TASK INSTRUCTIONS:
Return each line below exactly as it reads, and omit any image in it.

_____

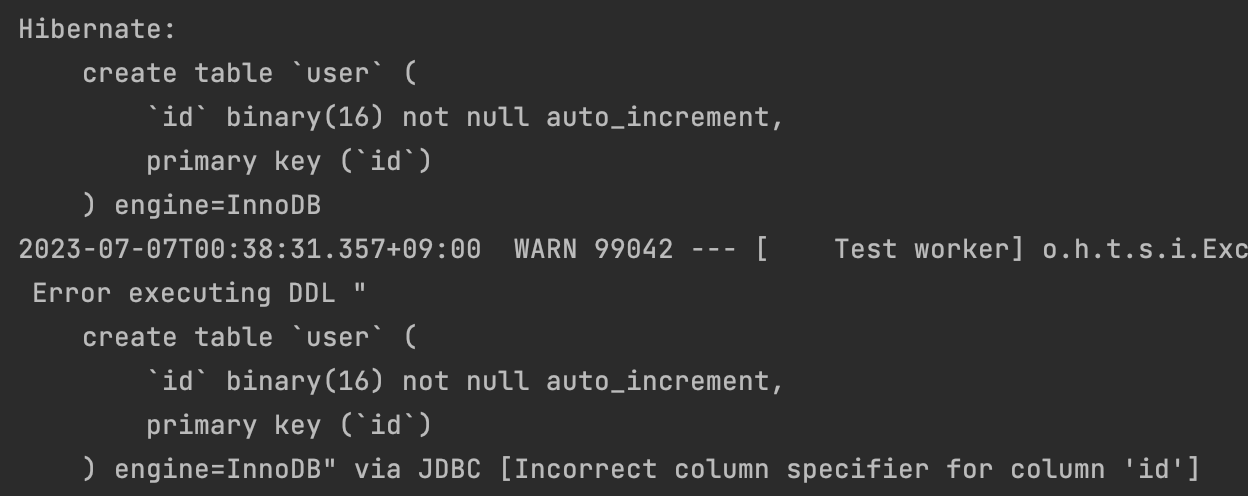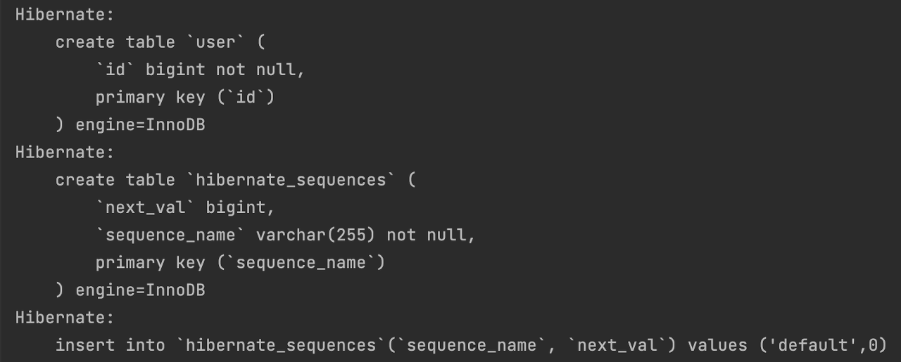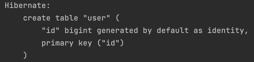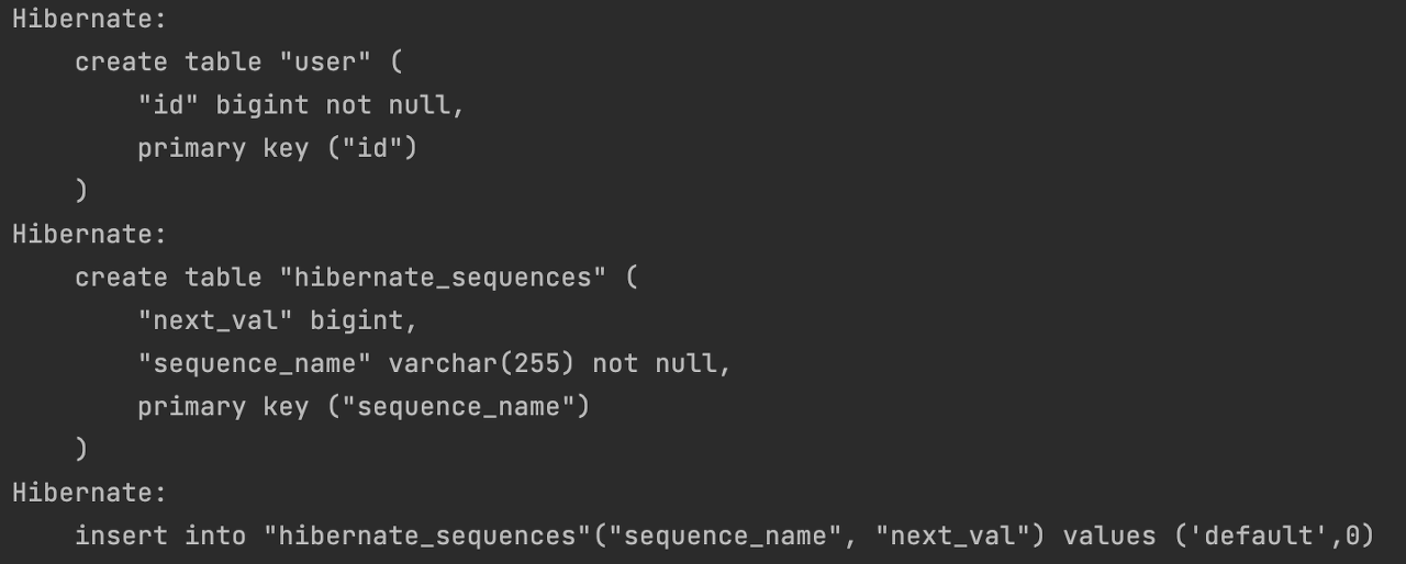 ์ํ์ค๋ฅผ ์ง์ํ๋ h2์์๋, ์ํ์ค๋ฅผ ์์ฑํ์ง ์๊ณ ๋จ์ํ pk๊ฐ UUID์ธ user ํ ์ด๋ธ์ ์์ฑํ๋ ๊ฒ์ ๋ณผ ์ ์๋ค.
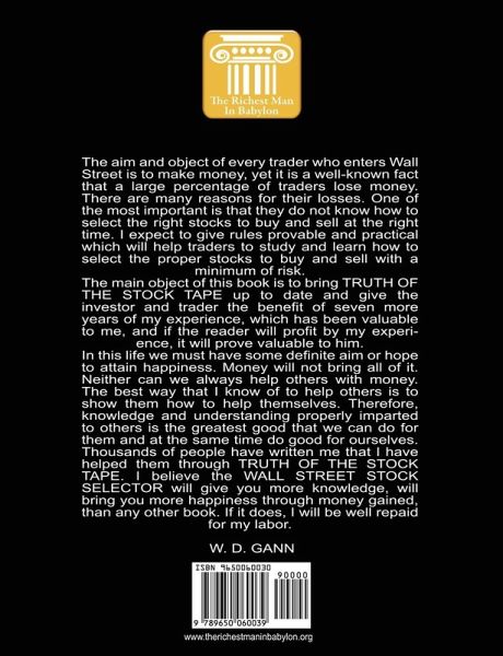 The aim and object of every trader who enters Wall Street is to make money, yet it is a well-known fact that a large percentage of traders lose money. There are many reasons for their losses. One of the most important is that they do not know how to select the right stocks to buy and sell at the right time. I expect to give rules provable and practical which will help traders to study and learn how to select the proper stocks to buy and sell with a minimum of risk. The main object of this book is to bring TRUTH OF THE STOCK TAPE up to date and give the investor and trader the benefit of seven more years of my experience, which has been valuable to me, and if the reader will profit by my experience, it will prove valuable to him. In this life we must have some definite aim or hope to attain happiness. Money will not bring all of it. Neither can we always help others with money. The best way that I know of to help others is to show them how to help themselves. Therefore, knowledge and understanding properly imparted to others is the greatest good that we can do for them and at the same time do good for ourselves. Thousands of people have written me that I have helped them through TRUTH OF THE STOCK TAPE. I believe the WALL STREET STOCK SELECTOR will give you more knowledge, will bring you more happiness through money gained, than any other book. If it does, I will be well repaid for my labor. - W. D. GANN
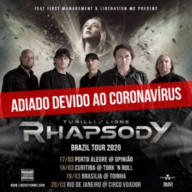 Infelizmente, devido à crise global causada pelo Coronavírus, a turnê da banda italiana Turilli/Lione Rhapsody será adiada. As novas datas serão divulgadas nos próximos dias. Mensagem da banda: “Estamos tristes por...
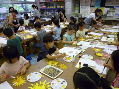 子ども達が生き生きと活動し、素敵な「ひまわり」が完成しました。みんなニコニコ笑顔で、とても素晴らしい時間となりました。講師の先生方、保護者のみなさま、ありがとうございました。
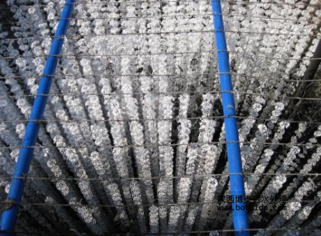 (2)表面曝氣設(shè)備:是利用馬達直接帶動軸流式葉輪,將廢水由導(dǎo)管經(jīng)導(dǎo)水板向四周噴出并形成一薄片(或水滴狀)的水幕,在飛行途中和空氣接觸形成水滴,在落下時撞擊液面,液面產(chǎn)生亂流及大量的氣泡,使水中含氧增加。
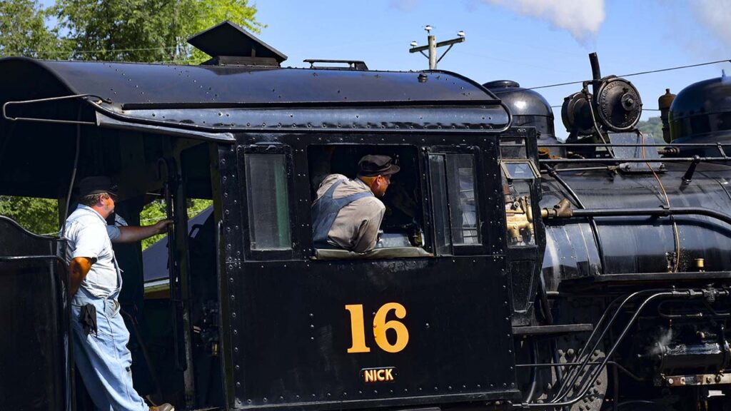 A second reason for the celebration is the return of No. 16, which was restored to operation in 2023 and ran flawlessly that season, but was sidelined intermittently in 2024 and 2025 for maintenance and inspections. Work included partial or complete replacement of leading and trailing trucks and running gear, including driving boxes, brasses, hub liners, axles, and crank pins, according to Master Mechanic Dave Domitrovich. Hidden old imperfections in material surfaced during the first season, requiring remediation that wasn’t obvious during the initial restoration.

_____

WRITTEN SOLUTION:
 ์ํ์ค๋ฅผ ์ง์ํ๋ h2์์๋, ์ํ์ค๋ฅผ ์์ฑํ์ง ์๊ณ ๋จ์ํ pk๊ฐ UUID์ธ user ํ ์ด๋ธ์ ์์ฑํ๋ ๊ฒ์ ๋ณผ ์ ์๋ค.
 The aim and object of every trader who enters Wall Street is to make money, yet it is a well-known fact that a large percentage of traders lose money. There are many reasons for their losses. One of the most important is that they do not know how to select the right stocks to buy and sell at the right time. I expect to give rules provable and practical which will help traders to study and learn how to select the proper stocks to buy and sell with a minimum of risk. The main object of this book is to bring TRUTH OF THE STOCK TAPE up to date and give the investor and trader the benefit of seven more years of my experience, which has been valuable to me, and if the reader will profit by my experience, it will prove valuable to him. In this life we must have some definite aim or hope to attain happiness. Money will not bring all of it. Neither can we always help others with money. The best way that I know of to help others is to show them how to help themselves. Therefore, knowledge and understanding properly imparted to others is the greatest good that we can do for them and at the same time do good for ourselves. Thousands of people have written me that I have helped them through TRUTH OF THE STOCK TAPE. I believe the WALL STREET STOCK SELECTOR will give you more knowledge, will bring you more happiness through money gained, than any other book. If it does, I will be well repaid for my labor. - W. D. GANN
 Infelizmente, devido à crise global causada pelo Coronavírus, a turnê da banda italiana Turilli/Lione Rhapsody será adiada. As novas datas serão divulgadas nos próximos dias. Mensagem da banda: “Estamos tristes por...
 子ども達が生き生きと活動し、素敵な「ひまわり」が完成しました。みんなニコニコ笑顔で、とても素晴らしい時間となりました。講師の先生方、保護者のみなさま、ありがとうございました。
 (2)表面曝氣設(shè)備:是利用馬達直接帶動軸流式葉輪,將廢水由導(dǎo)管經(jīng)導(dǎo)水板向四周噴出并形成一薄片(或水滴狀)的水幕,在飛行途中和空氣接觸形成水滴,在落下時撞擊液面,液面產(chǎn)生亂流及大量的氣泡,使水中含氧增加。
 A second reason for the celebration is the return of No. 16, which was restored to operation in 2023 and ran flawlessly that season, but was sidelined intermittently in 2024 and 2025 for maintenance and inspections. Work included partial or complete replacement of leading and trailing trucks and running gear, including driving boxes, brasses, hub liners, axles, and crank pins, according to Master Mechanic Dave Domitrovich. Hidden old imperfections in material surfaced during the first season, requiring remediation that wasn’t obvious during the initial restoration.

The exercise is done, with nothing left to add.